我只能把全身貼向慈湄,緊緊抱住她,讓我底下那根可悲的陰莖繼續抽搐、繼續把精液全部輸送給她。
射給將要跟另一個男人接婚的女人。
沒辦法停止的喘氣與可悲的射精停止之後,慈湄用手拍著我的背。
簡直像在安撫幼稚無知的小孩那樣。
但是我不知道怎麼反駁她。
「你射精了?」慈湄問。
我只能把頭繼續埋在她那對淫亂肥大的乳房中,不知道該說什麼。
「還挺會扭的嘛。」慈湄突然說。
才抽插她兩次,竟然也會這樣安慰我了。
「妳有讓他射精在裡面嗎?」在她的豐滿雙乳間喘息的我不要臉地問。
慈湄沒回應。
「有嗎?射精進去?」
「你……」
「到底有沒有?妳一定被他射到裡面了。

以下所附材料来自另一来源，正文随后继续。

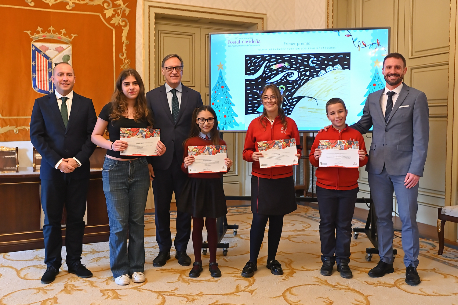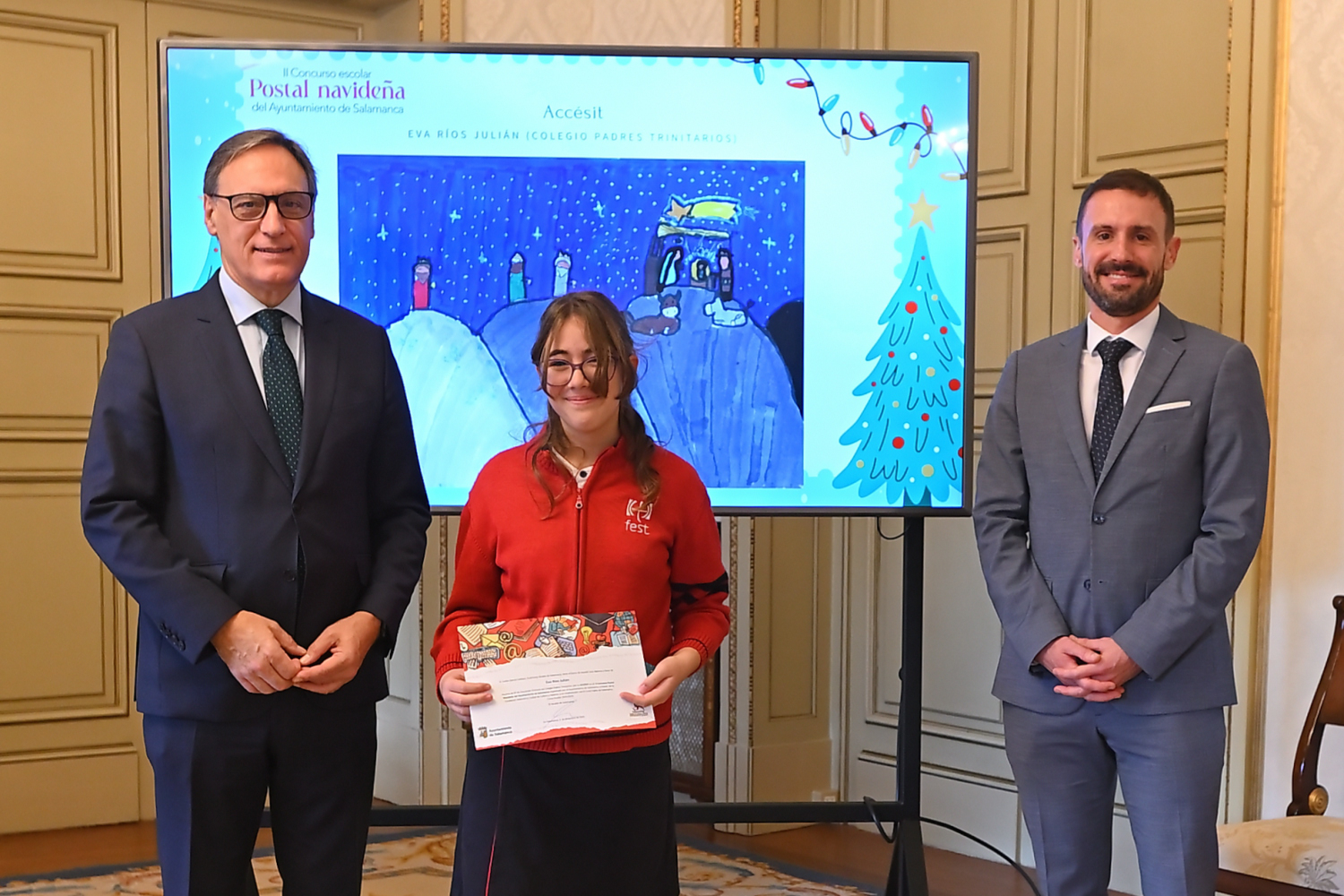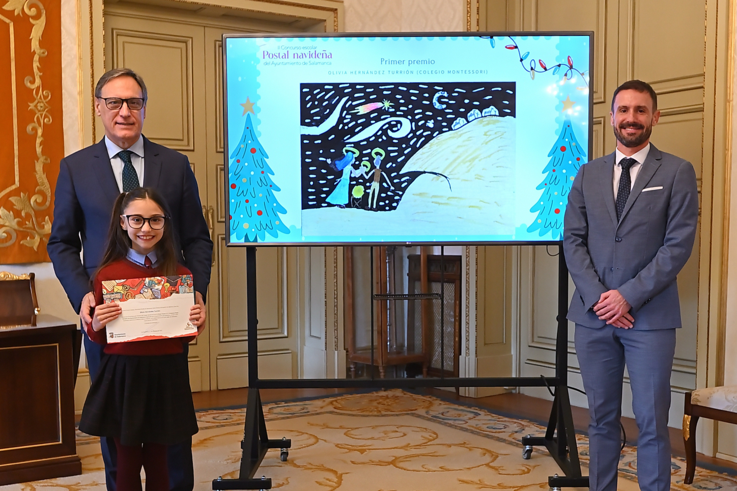Olivia Hernández Turrión, estudiante del colegio Montessori, se ha alzado con el primer premio de la segunda edición del concurso escolar 'Postal Navideña'. El alcalde de Salamanca, Carlos García Carbayo, ha hecho entrega de los galardones esta mañana en un acto que pone en valor la creatividad de los escolares salmantinos.

」
慈湄捶打幾下我的背,然後說:「你——到底——到底是怎樣?」
「到底有沒有?」
「廢話!我跟他都要結婚了!你真的是——」
慈湄把我推開。
陰莖在一瞬間就被她那緊緻的陰道擠出。
她掩面,像是在哭。
射精過後的我冷靜多了。
自認為即使看著她哭也能不在意。
但慈湄持續因為哭泣而讓身體抽搐著,連我剛剛才射到她兩條腿間淫蕩的性器裡的可悲精液也流洩出來。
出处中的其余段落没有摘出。